WORK ORDER
Could you please reproduce the entries exactly, leaving out any pictures?
RECORDS FOR PROCESSING START
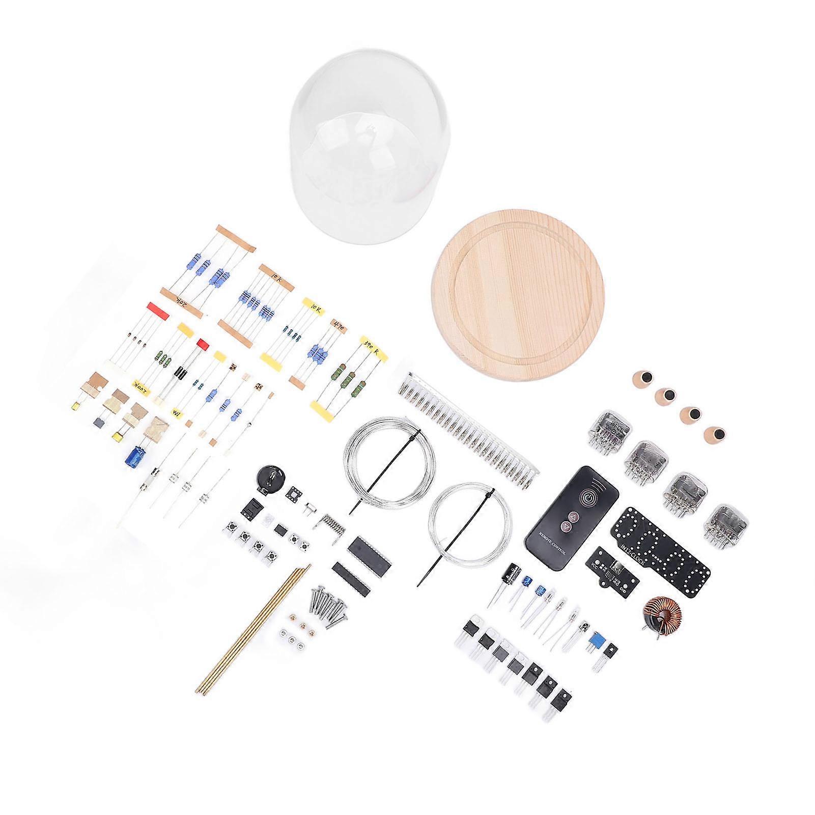 Digital Nixie Tube Clock Kit Retro Cyberpunk Electronic Tube Clock Kit for Desk Decoration Item Type: Glow Tube Clock Kit Material: Pine Wood Base, Glass, PCB Base: Pine Wood Base Size: Approx. 15.24cm / 6in Voltage: DC5V 1A USB Remote Control Battery: 3V Button Battery x 1 (Not Included) Product Battery: 3V CR2025 Button Battery x 1 (Not Included)
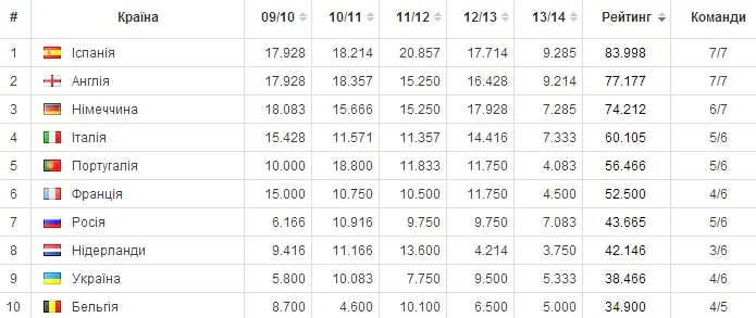 Додамо, що лідер клубного єврорейтингу Іспанія вийшла на перше місце по набору очок і цього сезону і зовсім небагато їм поступаються другі англійці.
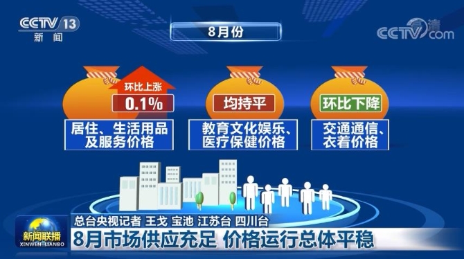 国家统计局今天(9月9日)公布数据显示,8月份,我国消费市场供应充足,价格运行总体平稳,实现全年物价调控目标基础牢靠。
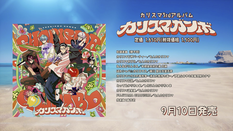『カリスマガンボ』には、「FUJIYAMA CHARISMA」のほか、「カリスマ温泉郷」「とってもかりちゅま」「カリスマさびら」「カリスマピザパーティー」など多彩な楽曲が収録予定。現在、オフィシャルグッズストア「カリスマガレージ」では、7月27日23時59分までの早期予約キャンペーンも実施中で、対象者には特典として「カリスマガンボ まな板シート」が付属する。
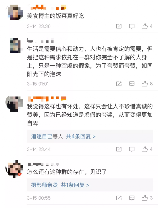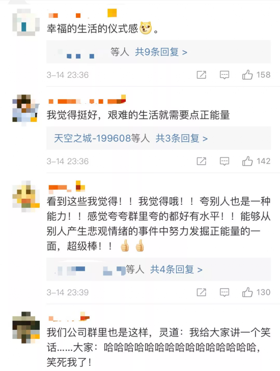 在支持一方看来,加入“夸夸群”是一种生活仪式感,也是增加正能量的好方法——
RECORDS FOR PROCESSING END
RESPONSE BELOW
 Digital Nixie Tube Clock Kit Retro Cyberpunk Electronic Tube Clock Kit for Desk Decoration Item Type: Glow Tube Clock Kit Material: Pine Wood Base, Glass, PCB Base: Pine Wood Base Size: Approx. 15.24cm / 6in Voltage: DC5V 1A USB Remote Control Battery: 3V Button Battery x 1 (Not Included) Product Battery: 3V CR2025 Button Battery x 1 (Not Included)
 Додамо, що лідер клубного єврорейтингу Іспанія вийшла на перше місце по набору очок і цього сезону і зовсім небагато їм поступаються другі англійці.
 国家统计局今天(9月9日)公布数据显示,8月份,我国消费市场供应充足,价格运行总体平稳,实现全年物价调控目标基础牢靠。
『カリスマガンボ』には、「FUJIYAMA CHARISMA」のほか、「カリスマ温泉郷」「とってもかりちゅま」「カリスマさびら」「カリスマピザパーティー」など多彩な楽曲が収録予定。現在、オフィシャルグッズストア「カリスマガレージ」では、7月27日23時59分までの早期予約キャンペーンも実施中で、対象者には特典として「カリスマガンボ まな板シート」が付属する。
 在支持一方看来,加入“夸夸群”是一种生活仪式感,也是增加正能量的好方法——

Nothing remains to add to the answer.